Bi Mac is to spin-off Chipotle, in a new float on 
NYSE, with the ticker, CMG ..... :


CMG ..... so let's get a march ahead of the
masses and have a look at some astroanalysis
for the Chipotle ipo ..... 

Some key dates ahead for CMG, may be:

09 Jan 2006 ..... minor and positive

16 Jan 2006 ..... minor and positive news ???

20 Jan 2006 ..... minor and positive

26-27 Jan 2006 ..... minor and positive financial news???


-----

From 30 Jan - 09 Feb 2006 there should be underlying
positive sentiment for CMG, with possible news/moves
on the following dates:

01 Feb 2006 ..... minor news???

06 Feb 2006 ..... minor cycle

13 Feb 2006 ..... minor and positive news and
price the same as 27 Jan 2006???

20 Feb 2006 ..... significant news ???

-----

08 Mar 2006 ..... significant spotlight on CMG

16 Mar 2006 ..... significant news here and same
price as 20 Feb 2006 ???

23-27 Mar 2006 ..... 2 time cycles here to bring
significant and negative action???

-----

So, intially the CMG ipo will probably be positive,
especially, if it lists on NYSE in January 2006 .....

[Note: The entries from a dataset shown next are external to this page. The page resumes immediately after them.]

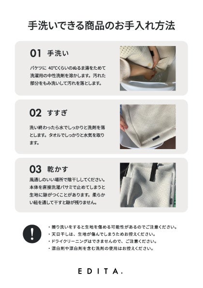 新型のウイルスが世界的に流行し、様々な新しい生活様式が生まれていく中、私たちにも何か世の中の為に役立てる事はないかと模索したところ、衣類やマスクを洗濯する事と同様にバッグも洗う事は出来ないかと考えました。そこで、水と相性のいい「ウェットスーツ」に使用する「ネオプレン生地」と、「ランニングシューズ」に使用する「メッシュ生地」を軸にEDITA(エディータ)を展開する事を決定しました。当ブランドでは、電車やバス、飲食店、職場などの外気に常に触れている日常使いのバッグを、「洗う」という新しい価値として提案しています。
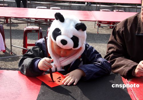 1月18日,臺灣2009己丑年全民迎新春聯(lián)揮毫在臺北“國父紀念館”舉行。圖為一名戴熊貓頭套的學童正在認真寫聯(lián)。中新社發(fā) 陳立宇 攝
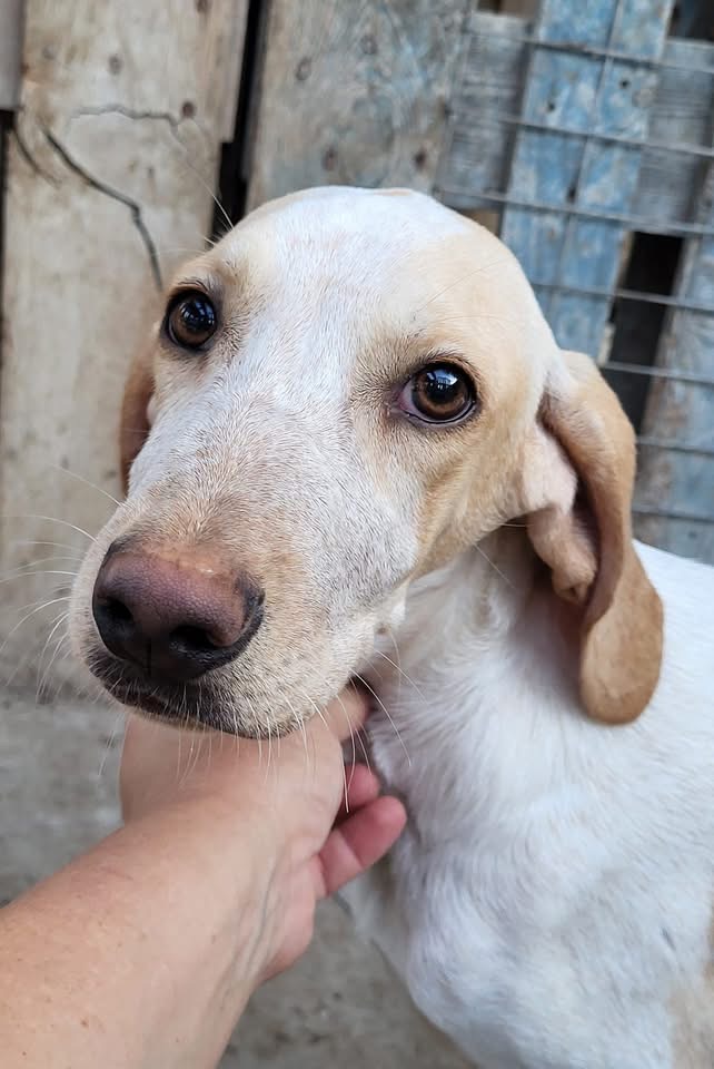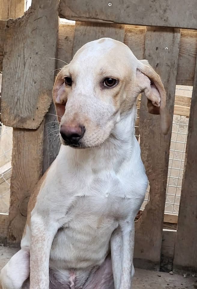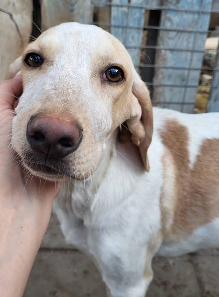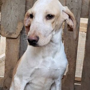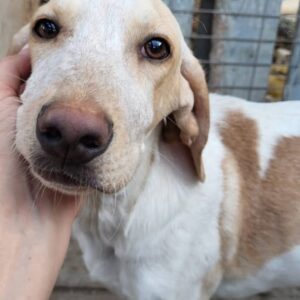 Bertie is a male pointer mix, beige-tan. This gorgeous boy is around 4-5 months old and will be medium to large size when fully grown. From the photos we post now, you can see that Bertie an impressive boy. From his colours, skin and body shape we would easily bet that the pups have bracco in them. Bertie is currently sharing a cage with his brother Charlie.

..... after that, it will probably be buoyant trading,
until March 2006, when the novelty may wear off for
some traders ..... 

Let's see how these dates work out, in the months ahead.

happy trading all

      yogi


----------



## Mr.Vertical (20 January 2006)

Hola all! First time here, found it on a search.
Chipotle which was born in my home town goes on the NYSE on 1/26/06(IPO) to the best of my knowledge, CMG will be the marker as others have said.
 This one is going to GO BIG! were betting most of the Ranch on this one.
http://www.ipohome.com/marketwatch/marketwatch.asp


----------



## yogi-in-oz (21 January 2006)

Hi Mr.Vertical,

CMG ..... welcome aboard.

Just check out our astroanalysis above, posted  12/25/2005,
where the CMG time cycles indicated some news positive
news/moves on 01/26/2006 ..... CMG floats, right on time ..... 

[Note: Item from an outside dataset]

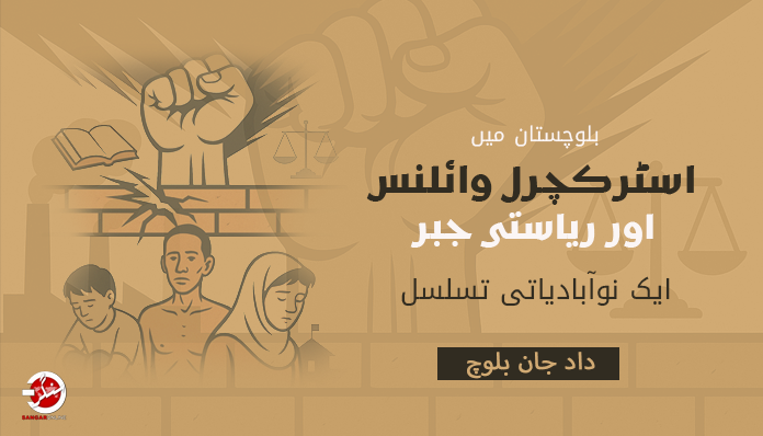 پاکستان نے جب سے بلوچستان پر اپنی ریاستی بالادستی قائم کی، اس دن سے یہاں استعماری طرزِ حکمرانی، وسائل کی بے دریغ لوٹ مار، جبری گمشدگیوں، اور عسکری جارحیت کا نہ ختم ہونے والا سلسلہ جاری ہے۔ بظاہر یہ سب انسانی حقوق کی پامالی یا عسکری تسلط کے مظاہر لگتے ہیں، مگر اگر گہرائی میں دیکھا جائے تو یہ دراصل "اسٹرکچرل وائلنس” یعنی ساختیاتی تشدد کی ایسی پیچیدہ اور منظم شکل ہے جو ریاستی اداروں، قانونی نظام، تعلیمی و معاشی پالیسیوں اور سماجی ڈھانچوں کے ذریعے بلوچ قوم پر مسلط کی گئی ہے۔

..... keep an eye on the rest of those key dates, as the
CMG story unfolds, in the months ahead.

happy days

  yogi



=====


----------



## chipotle_fan (24 January 2006)

hi yogi,

like Mr. Vertical, i also came across this board thru a Google search for info about the CMG IPO . . . 

i firmly believe in the Chipotle product, and think they have a lot of room for growth, so I'm interested in getting in ASAP.

i've never tried getting in on an IPO, so what's the best way for me to get my order filled?  right now, the ticker doesn't even show up on my broker's site -- do I have to wait until it's already being traded before i can submit an order?  if so, will the ticker be available right when the market opens on 1/26, or will it be later in the day?

thanks


----------



## clowboy (24 January 2006)

chipotle_fan

I don't know the exact dates for the stocks pre listing details etc but if it is to list in January then I would say you have almost definately missed the IPO.

It will register on the exchange under the code from time of listing, this can be at anytime on the day that they have scheduled to list.  (All these times and dates should be contained in the prospectus or the likes).

Alternativley if the stock was listing on the ASX then the info would be on there website.  Given that it is listing on the NYSE then I would try their website.


----------



## yogi-in-oz (24 January 2006)

Hi Chipotle_fan,

Unable to offer specific advice, as we are 12,000 miles away 
in Oz and not licenced to do so, anyway.

Given the huge interest generated in this float, it may
well be, that it will be very difficult to participate in the IPO.

However, call your broker and ask if they have been allocated
any CMG for distribution to their clients ..... they can only
say no, at worst.

Maybe Mr.Vertical can help  you with the exact time of 
the CMG listing and when the ticker will appear ..... 

happy days

  yogi


----------